• [DIRECTIONS] For this exercise, return only the lines in the records below from the one holding "Negro solo 649,00€❗️⚡️" through the one holding "강원도 소방활동 일일상황 (7. 1. 목) 06:00", including both, exactly as they appear and without pictures.

• [DATASET RECORDS]
▶

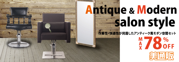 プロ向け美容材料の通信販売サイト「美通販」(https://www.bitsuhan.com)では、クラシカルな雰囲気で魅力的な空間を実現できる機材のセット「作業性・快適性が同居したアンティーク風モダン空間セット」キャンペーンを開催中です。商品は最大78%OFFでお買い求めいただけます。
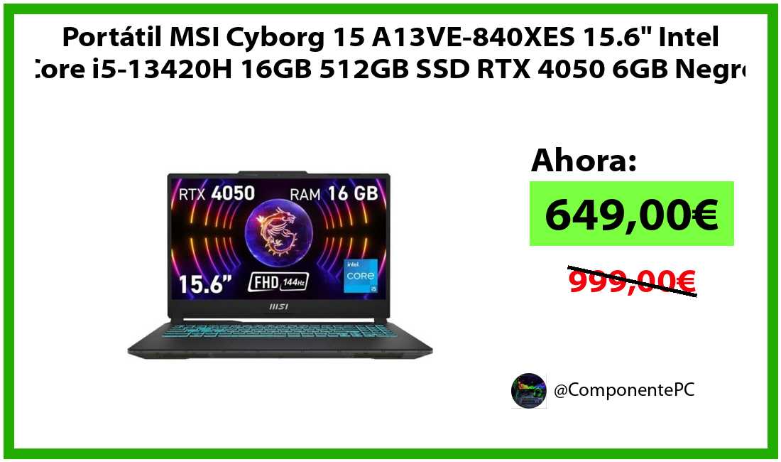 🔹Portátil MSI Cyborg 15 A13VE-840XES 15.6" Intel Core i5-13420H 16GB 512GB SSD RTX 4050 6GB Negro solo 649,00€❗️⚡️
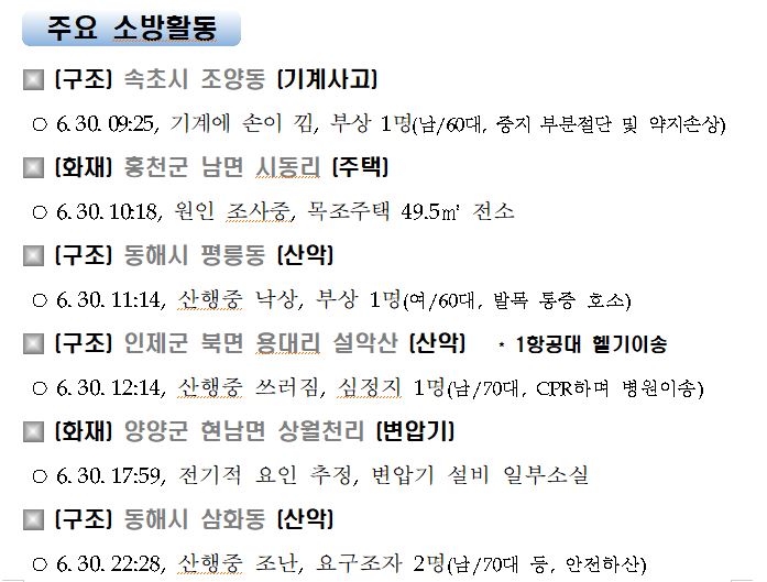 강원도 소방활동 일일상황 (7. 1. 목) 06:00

◀
▶

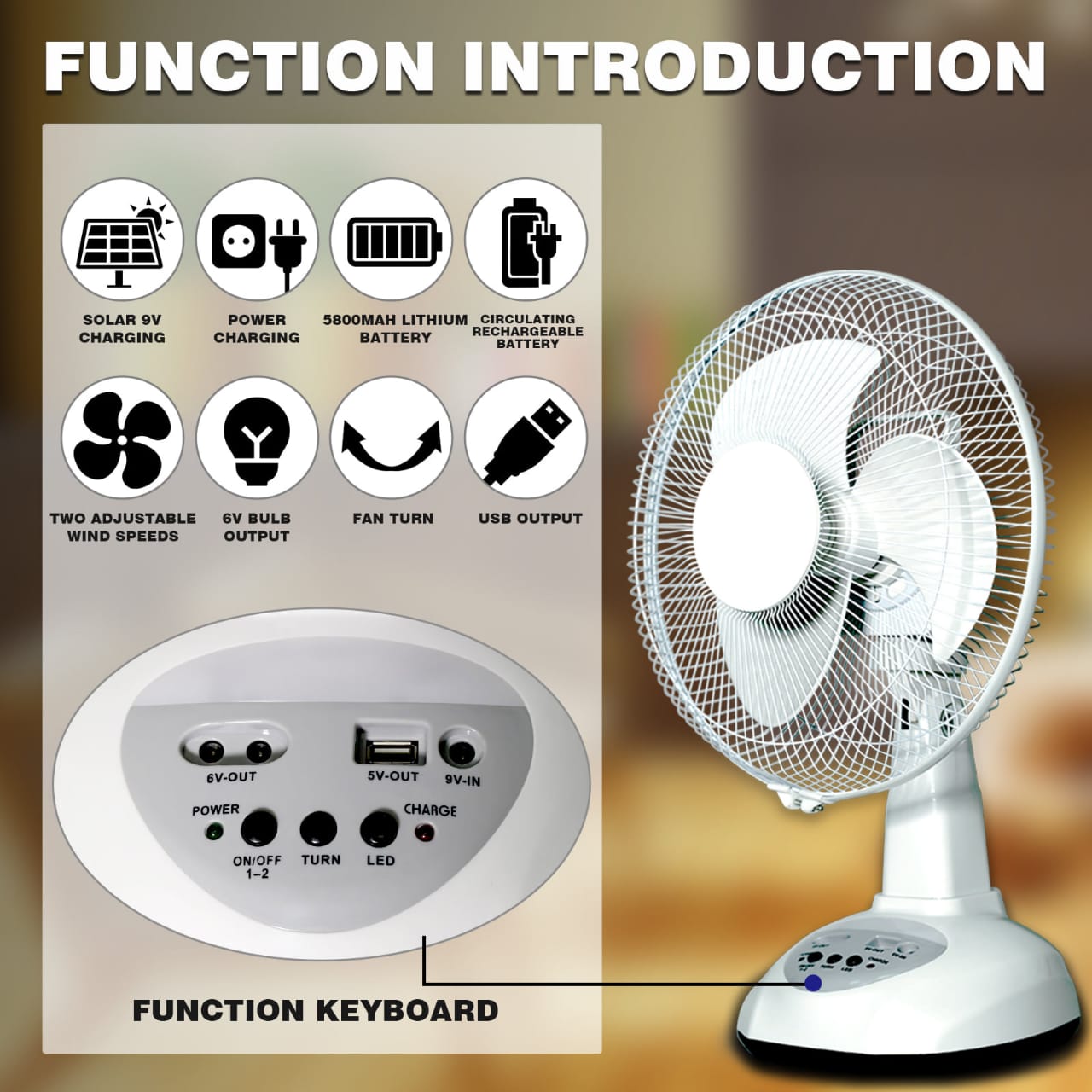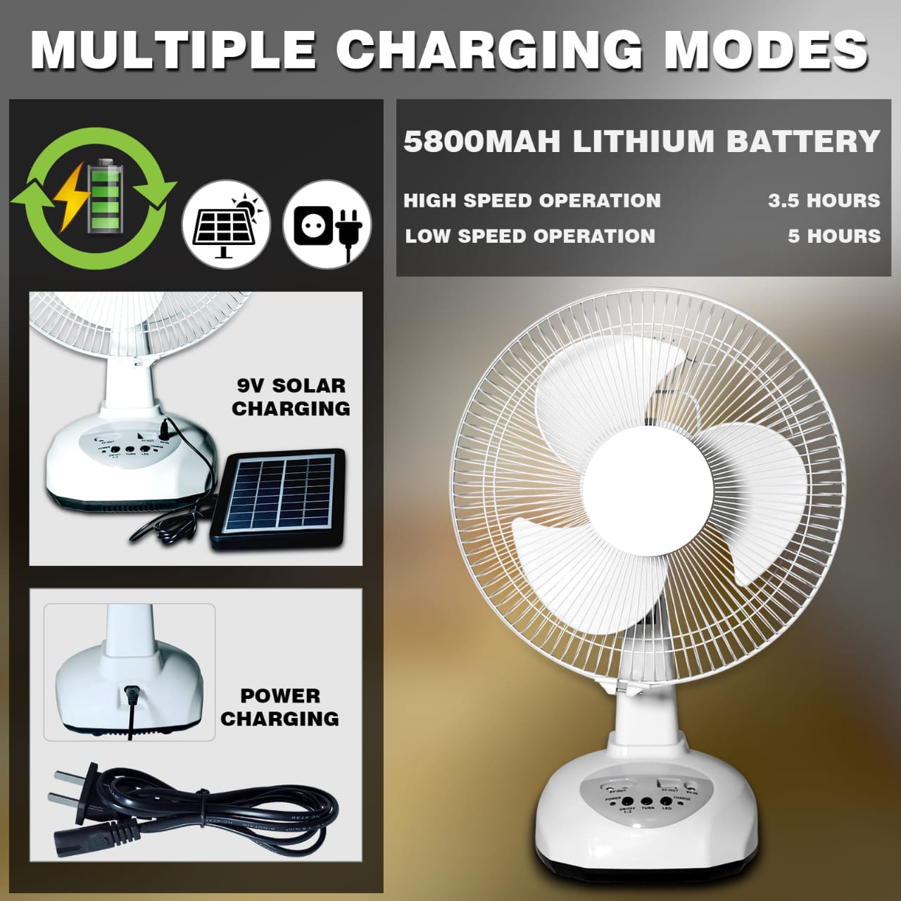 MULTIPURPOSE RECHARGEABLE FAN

◀

• [EXERCISE ANSWER]
 🔹Portátil MSI Cyborg 15 A13VE-840XES 15.6" Intel Core i5-13420H 16GB 512GB SSD RTX 4050 6GB Negro solo 649,00€❗️⚡️
 강원도 소방활동 일일상황 (7. 1. 목) 06:00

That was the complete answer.